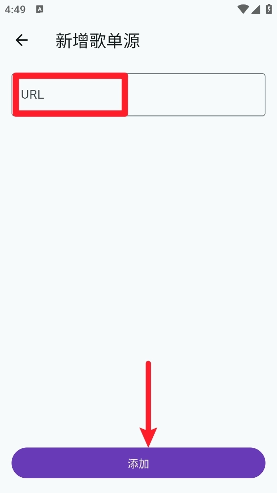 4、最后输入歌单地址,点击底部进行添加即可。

··········

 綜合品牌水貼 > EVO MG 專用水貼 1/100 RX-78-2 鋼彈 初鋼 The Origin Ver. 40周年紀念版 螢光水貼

··········

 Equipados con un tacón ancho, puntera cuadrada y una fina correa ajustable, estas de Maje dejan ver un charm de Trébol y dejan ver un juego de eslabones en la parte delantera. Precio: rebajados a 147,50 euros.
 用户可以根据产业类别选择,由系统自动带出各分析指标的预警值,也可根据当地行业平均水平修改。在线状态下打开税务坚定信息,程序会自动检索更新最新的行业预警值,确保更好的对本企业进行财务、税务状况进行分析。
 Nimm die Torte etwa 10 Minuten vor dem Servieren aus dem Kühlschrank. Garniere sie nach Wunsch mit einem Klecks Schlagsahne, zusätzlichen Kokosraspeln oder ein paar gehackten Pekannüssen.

··········

→ **PROBLEM DESCRIPTION**: From the records above, print exactly the lines that run from the line with "Equipados con un" to the line with "用户可以根据产业类别选择,由", inclusive.

→ **SOLUTION FOR THIS PROBLEM**:
 Equipados con un tacón ancho, puntera cuadrada y una fina correa ajustable, estas de Maje dejan ver un charm de Trébol y dejan ver un juego de eslabones en la parte delantera. Precio: rebajados a 147,50 euros.
 用户可以根据产业类别选择,由系统自动带出各分析指标的预警值,也可根据当地行业平均水平修改。在线状态下打开税务坚定信息,程序会自动检索更新最新的行业预警值,确保更好的对本企业进行财务、税务状况进行分析。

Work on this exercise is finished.